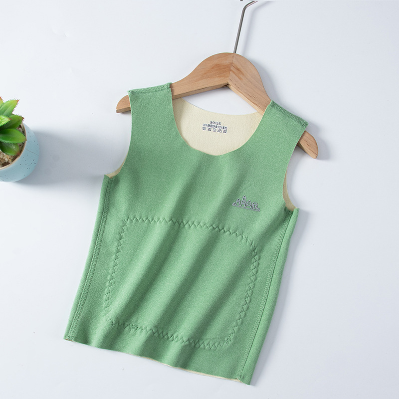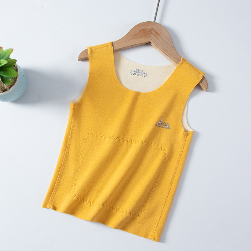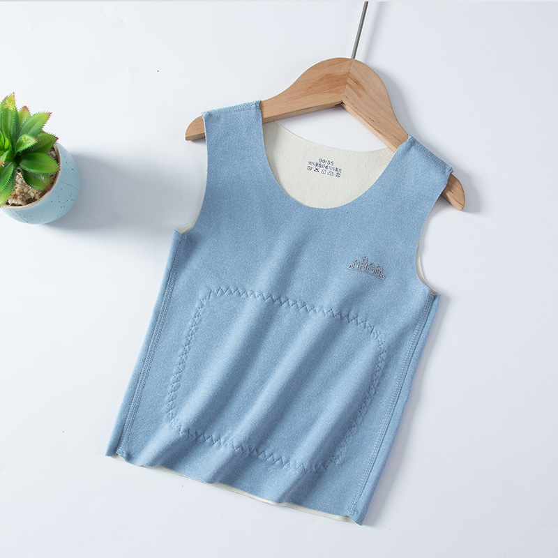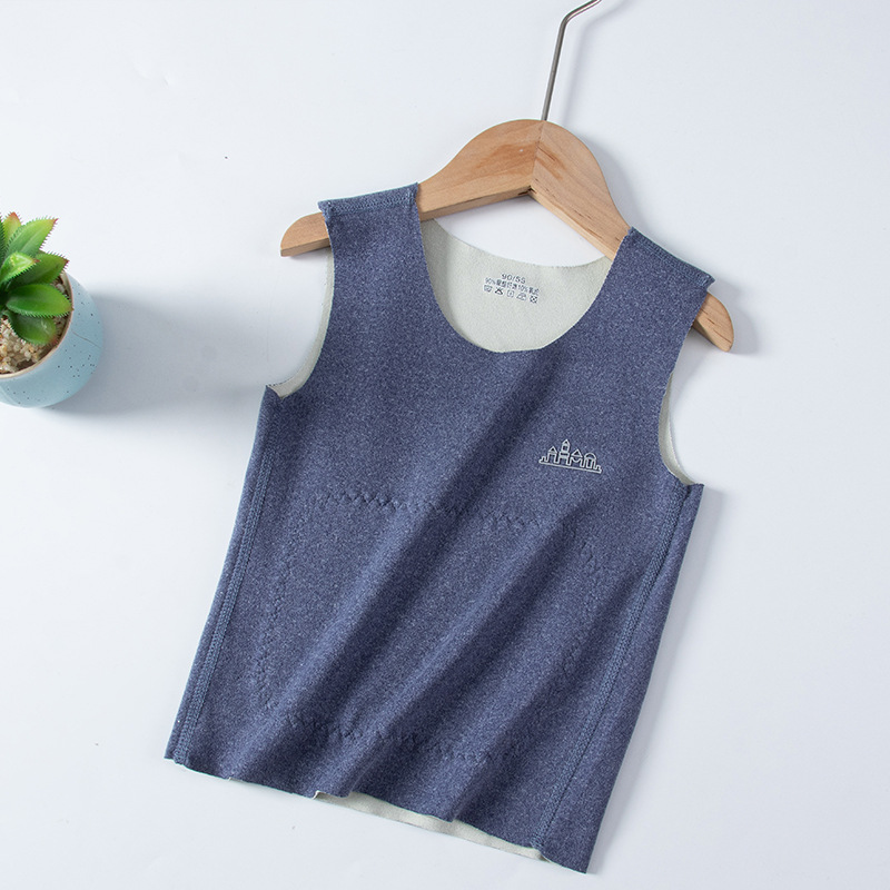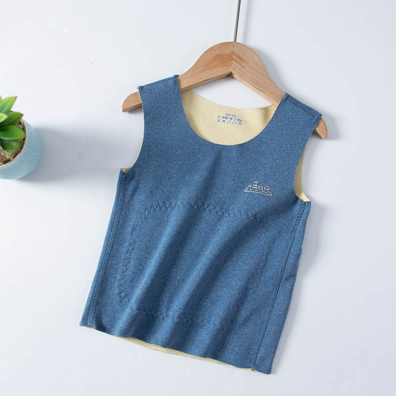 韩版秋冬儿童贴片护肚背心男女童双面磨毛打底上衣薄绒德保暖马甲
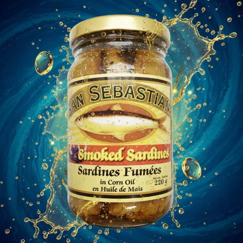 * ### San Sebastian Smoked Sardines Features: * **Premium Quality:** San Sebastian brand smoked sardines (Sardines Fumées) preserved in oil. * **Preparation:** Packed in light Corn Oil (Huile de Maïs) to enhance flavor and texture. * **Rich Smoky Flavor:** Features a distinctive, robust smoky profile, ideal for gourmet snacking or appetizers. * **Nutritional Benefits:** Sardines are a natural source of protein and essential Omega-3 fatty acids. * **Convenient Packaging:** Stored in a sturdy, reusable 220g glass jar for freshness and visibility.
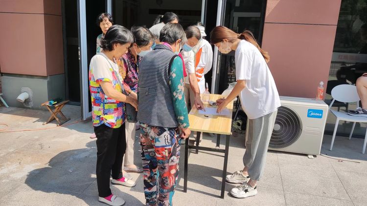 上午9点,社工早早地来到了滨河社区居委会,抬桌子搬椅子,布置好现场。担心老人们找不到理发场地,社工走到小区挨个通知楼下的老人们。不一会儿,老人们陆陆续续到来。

**TASK INSTRUCTIONS**. Omitting the pictures, write out the material above exactly as it stands.

**SOLUTION**.
 韩版秋冬儿童贴片护肚背心男女童双面磨毛打底上衣薄绒德保暖马甲
 * ### San Sebastian Smoked Sardines Features: * **Premium Quality:** San Sebastian brand smoked sardines (Sardines Fumées) preserved in oil. * **Preparation:** Packed in light Corn Oil (Huile de Maïs) to enhance flavor and texture. * **Rich Smoky Flavor:** Features a distinctive, robust smoky profile, ideal for gourmet snacking or appetizers. * **Nutritional Benefits:** Sardines are a natural source of protein and essential Omega-3 fatty acids. * **Convenient Packaging:** Stored in a sturdy, reusable 220g glass jar for freshness and visibility.
 上午9点,社工早早地来到了滨河社区居委会,抬桌子搬椅子,布置好现场。担心老人们找不到理发场地,社工走到小区挨个通知楼下的老人们。不一会儿,老人们陆陆续续到来。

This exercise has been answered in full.